> **Task statement**: Every line below from the one containing "CRAFTED FROM NATURAL" through the one containing "具体的绘制代码和多线程关系并不大,我们只是在区域内随机地点绘制不同的五角星。" is to be printed exactly, with the pictures omitted.

> **Material for the task**:
=-=-=-=-=
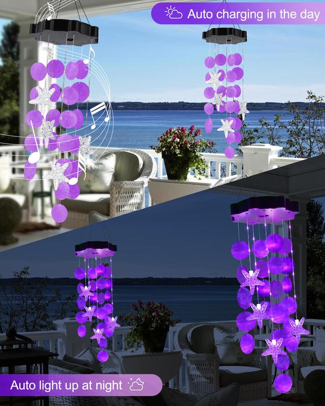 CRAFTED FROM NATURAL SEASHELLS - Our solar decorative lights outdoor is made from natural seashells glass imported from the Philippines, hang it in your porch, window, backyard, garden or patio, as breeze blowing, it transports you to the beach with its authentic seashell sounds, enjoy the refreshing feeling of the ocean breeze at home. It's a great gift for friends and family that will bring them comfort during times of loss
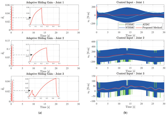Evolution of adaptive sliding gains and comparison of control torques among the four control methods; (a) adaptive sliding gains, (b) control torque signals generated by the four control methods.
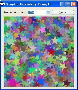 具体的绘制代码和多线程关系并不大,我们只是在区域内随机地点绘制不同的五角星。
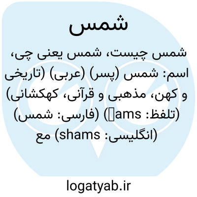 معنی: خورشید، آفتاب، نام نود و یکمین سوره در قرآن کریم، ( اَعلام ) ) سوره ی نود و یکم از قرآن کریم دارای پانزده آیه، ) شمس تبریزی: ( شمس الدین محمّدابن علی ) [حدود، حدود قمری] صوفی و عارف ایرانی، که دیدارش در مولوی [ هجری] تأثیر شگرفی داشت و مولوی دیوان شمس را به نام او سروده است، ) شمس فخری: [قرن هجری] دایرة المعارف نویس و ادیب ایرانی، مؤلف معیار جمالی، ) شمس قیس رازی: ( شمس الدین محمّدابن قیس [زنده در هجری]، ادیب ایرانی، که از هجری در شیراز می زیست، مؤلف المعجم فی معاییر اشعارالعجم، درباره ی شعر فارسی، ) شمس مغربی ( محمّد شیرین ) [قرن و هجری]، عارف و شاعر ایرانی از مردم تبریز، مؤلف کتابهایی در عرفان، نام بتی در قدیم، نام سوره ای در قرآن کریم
=-=-=-=-=
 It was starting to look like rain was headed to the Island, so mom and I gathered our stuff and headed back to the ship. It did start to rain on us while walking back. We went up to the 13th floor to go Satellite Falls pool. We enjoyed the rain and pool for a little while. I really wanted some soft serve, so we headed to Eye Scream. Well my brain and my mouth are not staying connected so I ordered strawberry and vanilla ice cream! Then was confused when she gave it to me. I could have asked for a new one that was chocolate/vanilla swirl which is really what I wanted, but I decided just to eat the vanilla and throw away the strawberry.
=-=-=-=-=
> **Task output**:
 CRAFTED FROM NATURAL SEASHELLS - Our solar decorative lights outdoor is made from natural seashells glass imported from the Philippines, hang it in your porch, window, backyard, garden or patio, as breeze blowing, it transports you to the beach with its authentic seashell sounds, enjoy the refreshing feeling of the ocean breeze at home. It's a great gift for friends and family that will bring them comfort during times of loss
Evolution of adaptive sliding gains and comparison of control torques among the four control methods; (a) adaptive sliding gains, (b) control torque signals generated by the four control methods.
 具体的绘制代码和多线程关系并不大,我们只是在区域内随机地点绘制不同的五角星。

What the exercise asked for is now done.